问题
Right now, I'm trying to determine a method to measure the time that a particular function will take (something like pthread_create). Now, of course, these types of functions are extremely optimized to take as little time as possible; so little, in fact, that my timer that uses gettimeofday in userspace which measures in microseconds is unable to adequately measure anything.
Normally, if I could mess with the kernel, I'd use something like get_cycles to measure the raw number of cycles as a performance metric. However, I haven't found a way to do this in userspace. Is there a way to use get_cycles (or an equivalent) or some other higher precision timer I could use in userspace to measure extremely fast functions?
回答1:
clock_gettime
allows you to get a nanosecond-precise time from the thread start, process start or epoch.
回答2:
Use RDTSC (if you're on x86), or clock_gettime
unsigned long long cycleCount() {
asm ("rdtsc");
}
回答3:
Have you tried getting the time it takes to execute your function, say, 10000 times and taking the mean? That would save the bother of finding more accurate timing functions.

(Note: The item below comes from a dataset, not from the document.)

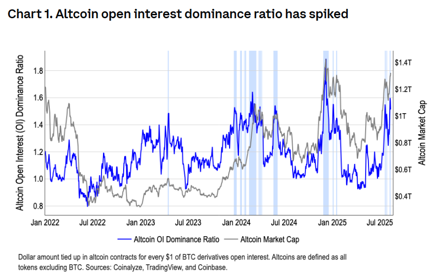Mới đây, Coinbase đưa ra dự báo rằng các điều kiện thị trường đang hội tụ để mở ra một mùa altcoin toàn diện. Từ tháng 5 đến tháng 8 năm 2025, sự thống trị thị trường của Bitcoin đã giảm từ 65% xuống còn khoảng 59%, gợi mở dấu hiệu đầu tiên của làn sóng luân chuyển vốn sang altcoin. Mặc dù chỉ số Mùa Altcoin của CoinMarketCap vẫn ở mức thấp 40, chưa chạm ngưỡng 75 để xác nhận một mùa altcoin rõ rệt, vốn hóa thị trường altcoin đã tăng hơn 50% kể từ đầu tháng 7, đạt 1.4 nghìn tỷ USD vào ngày 12/8. Những dữ kiện này khiến nhiều nhà quan sát cho rằng thị trường đang tiến gần đến một mùa altcoin toàn diện khi bước sang tháng 9.

Having said that, this answer: Is gettimeofday() guaranteed to be of microsecond resolution? seems to indicate better functions to use than gettimeofday()
.
回答4:
My linux man page tells me
CONFORMING TO
SVr4, 4.3BSD. POSIX.1-2001 describes gettimeofday() but not settimeofday(). POSIX.1-2008 marks gettimeofday() as obsolete, recomending the use of clock_gettime(2) instead.